El investigador Isidro Sánchez, del Centro de Investigación del Cáncer de Salamanca, quien ya anunció en 2017 que la leucemia infantil se podría prevenir, trabaja desde entonces en un proyecto llamado Cunina, junto con el doctor Manuel Ramírez Orellana, jefe de Terapias Avanzadas del Hospital Niño Jesús de Madrid, en el estudio de las mutaciones genéticas implicadas, para llegar a la prevención de esta enfermedad en niños.

“Cada vez estamos más cerca de alcanzar esa meta”, es la certeza de los mejores científicos del mundo y la apuesta de la Fundación Unoentrecienmil para que, en unos años, se pueda actuar “de forma preventiva y no reactiva” frente a este tipo de cáncer que es la causa de muerte más frecuente en niños en países desarrollados y que en las últimas décadas ha experimentado un aumento. La leucemia aguda de células B representa, por tanto, un importante problema de salud pública.

En la segunda fase del proyecto Cunina, la investigación impulsada por Unoentrecienmil, se van a validar funcionalmente dos hallazgos importantes obtenidos en la primera fase, en la que se estudiaron 100 familias donde un hijo había tenido LLA (Leucemia Linfoblástica Aguda).

Por un lado, niños y adolescentes que han desarrollado leucemia acumulan en su línea germinal mutaciones en genes relacionados con la vía de reparación del ADN antes no reconocidas. Por otro, alteraciones germinales del gen llamado ‘TFC3’ aparecen en familias de hermanos que desarrollan leucemia, lo que sugiere que puede ser un nuevo gen de predisposición.

El proceso que se inicia ahora consiste en comprobar tanto en ratones como en células humanas en laboratorio, que estas modificaciones genéticas concretas confieren una alta probabilidad de que desarrolle una leucemia de células tipo B.

Inicio y financiación

Elena Huarte-Mendicoa, directora general de la Fundación Unoentrecienmil recordó cómo hace seis años, los doctores Isidro Sánchez y Manuel Ramírez Orellana le explicaron la importancia de sacar adelante esta investigación dada la evidencia de llegar en unos años a poder prevenir esta enfermedad: “Lo vi claro, confié en los investigadores y aunque no éramos una fundación con muchos recursos entonces, invertimos más de 540.000 euros porque no podíamos dejar de apoyar algo tan importante. En esta segunda fase, añadimos otros 900.000 euros y estamos seguros de que en breve tendremos esos resultados ansiados que salvarán tantas vidas de niñas y niños”, explicó.

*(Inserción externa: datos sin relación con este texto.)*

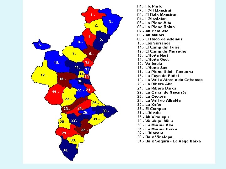 LAS PROVINCIAS DE LA COMUNIDAD VALENCIANA Castellón · El Alto Mijares · El Baix Maestrat · Els Ports · L'Alcalatén · L'Alt Maestrat · El Alto Palancia · La Plana Alta · La Plana Baixa Valencia · El Camp de Morvedre · El Camp de Túria · El Rincón de Ademuz · El Valle de Cofrentes-Ayora · L'Horta Nord · L'Horta Oest · L'Horta Sud · La Canal de Navarrés · La Costera · La Hoya de Buñol · Valencia · La Ribera Alta · La Ribera Baixa · La Safor · La Vall d'Albaida · Los Serranos · La Plana de Utiel. Requena Alicante · El Baix Segura/La Vega Baja · El Baix Vinalopó · El Comtat · El Vinalopó Mitjà/El Vinalopó Medio · L'Alacantí · L'Alcoià · L'Alt Vinalopó/El Alto Vinalopó · La Marina Alta · La Marina Baixa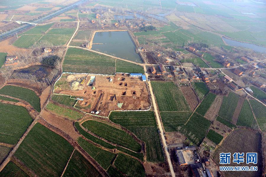 2014年12月30日拍摄的郭家庙墓地发掘区俯瞰图。据湖北省文物考古研究所介绍,近日,湖北枣阳郭家庙墓地发现一个春秋早期乐舞遗存。该遗存出土了目前已知最早的瑟和编钟架等文物,距今约2700多年。郭家庙墓地位于枣阳市吴店镇东赵湖村一、二组,坐落在一条岗地上,南临汉江支流滚河,由北向南绵延,总长1500米,东西宽800米,总面积达到120万平方米,分为郭家庙墓区和曹门湾墓区。新华社发(湖北省文物考古研究所提供)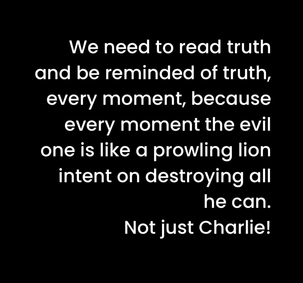 We need to read truth and be reminded of truth, every moment, because every moment the evil one is like a prowling lion intent on destroying all he can. Not just Charlie!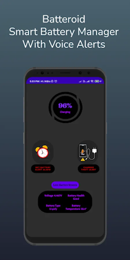 Batteroid Smart Battery Manager is the most expensive app on playstore. Help You To Avoid Phone From Overcharging and Discharging. Batteroid Battery Manager Will Set Alert Voice Alarms When Your Pone Battery Is Charged As Per the Percentage Selected by You Selected In App.This App Also Contains Charging Theft Feature Which Will Make Sure that no one touches your phone while charging.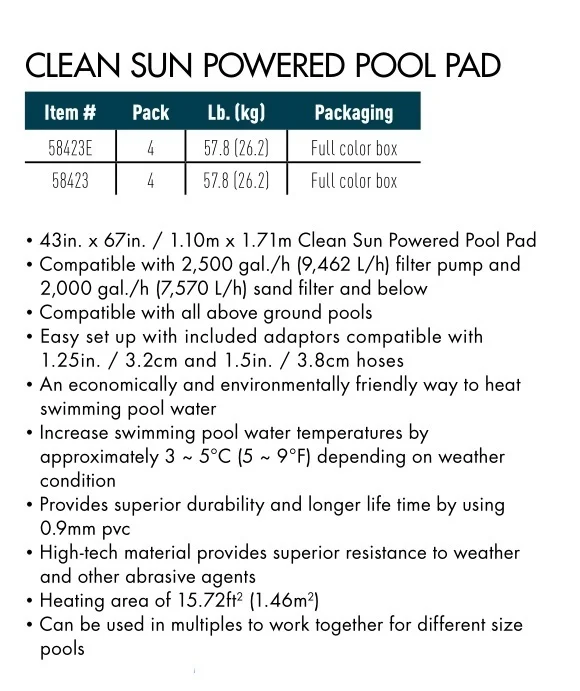 58423 год, Bestway 110x171 см Солнечный нагревательный элемент для бассейна 43x67in, Солнечный нагреватель для ABG бассейна, совместимый с фильтром, увеличивающим 3 5 градусов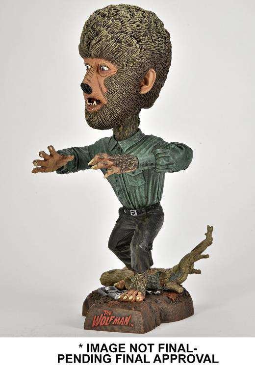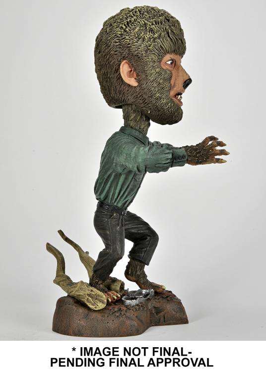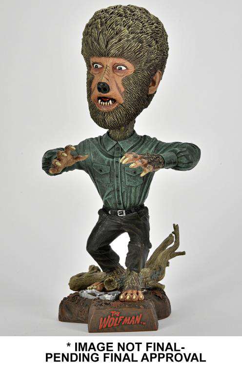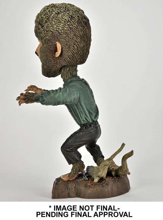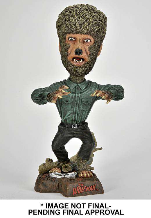 Your favorite silver screen Universal Monsters are now available as Head Knockers! Carefully sculpted and vibrantly colored, these classic ghouls are a welcome addition to any horror hound’s collection. This hand-painted resin Wolf Man bobble head stands 8" inches tall and is waiting to adorn your shelf. Comes in collectible packaging with spot gloss finish.
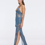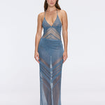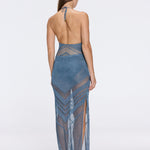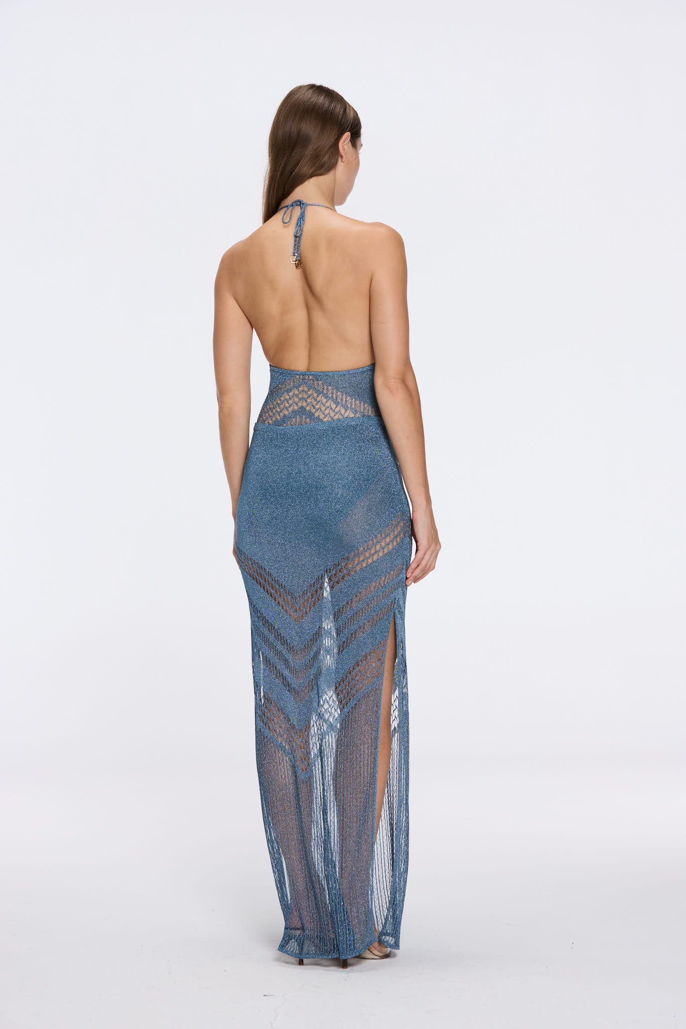 Sheer metallic knit fabric, High-rise fit, Elastic waistband, Straight cut silhouette, Full-length maxi style, Semi-stretch, lightweight texture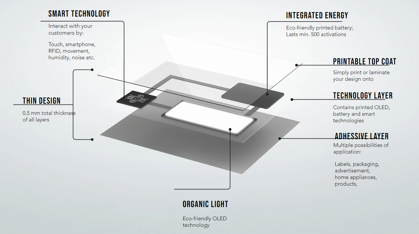 Materialet er baseret på to lag og mellem lagene findes en OLED (organisk LED) skærm, noget elektronik og et batteri samt en sensor, som kan starte og stoppe hvad der vises på OLED skærmen. Sensoren kan aktiveres på forskellige måder, f.eks. ved at en berøring eller en bevægelse foran sensoren, ændring i lydniveau eller en timer.

Desde hace años, se sabe que las alteraciones genéticas, por ejemplo, en el gen ‘PAX5’, predisponen al desarrollo de la enfermedad y al menos un cinco por ciento de los niños nacen con algún tipo de susceptibilidad genética. Sin embargo, esa predisposición genética por sí sola, no desencadena la enfermedad. La leucemia se produce cuando un individuo con esa mutación genética da origen a un clon preleucémico que permanece inocuo hasta que se expone a otros eventos como una infección común. En el contexto de este estrés inmunológico es cuando se produce la progresión de célula preleucémica a una LLA. Del cinco por ciento de los niños con estas alteraciones genéticas, solo el uno pro ciento desarrolla la leucemia en este momento.

Estudio de 100 familias

El estudio arrancó en el 2019 tras los hallazgos de Isidro Sánchez de su investigación del 2017 en el que se habían obtenido avances en los estudios genómicos que apuntaban a que determinados polimorfismos somáticos están asociados a un mayor riesgo de LLA.

Cunina es el primer estudio que secuencia el exoma completo de 100 tríos familiares (padre-madre-hijo) con esta leucemia. De esta forma se amplía el conocimiento sobre las causas de la enfermedad y las bases genéticas de la predisposición a tener en un futuro esta leucemia.

En enero de 2022 se incorpora al equipo de investigación un perfil bioinformático que permite procesar toda la información recogida del estudio y realizar un análisis de las variantes genómicas, variant calling (proceso computacional para identificar diferencias genéticas entre una secuencia de ADN y un genoma de referencia) y ayuda así a obtener resultados más precisos y en menos tiempo.

En el 2024, tras los resultados prometedores que se obtienen y para acelerar los resultados, se incorporan al estudio el Centro de Biología Molecular Severo Ochoa y la Fundación Jiménez Díaz.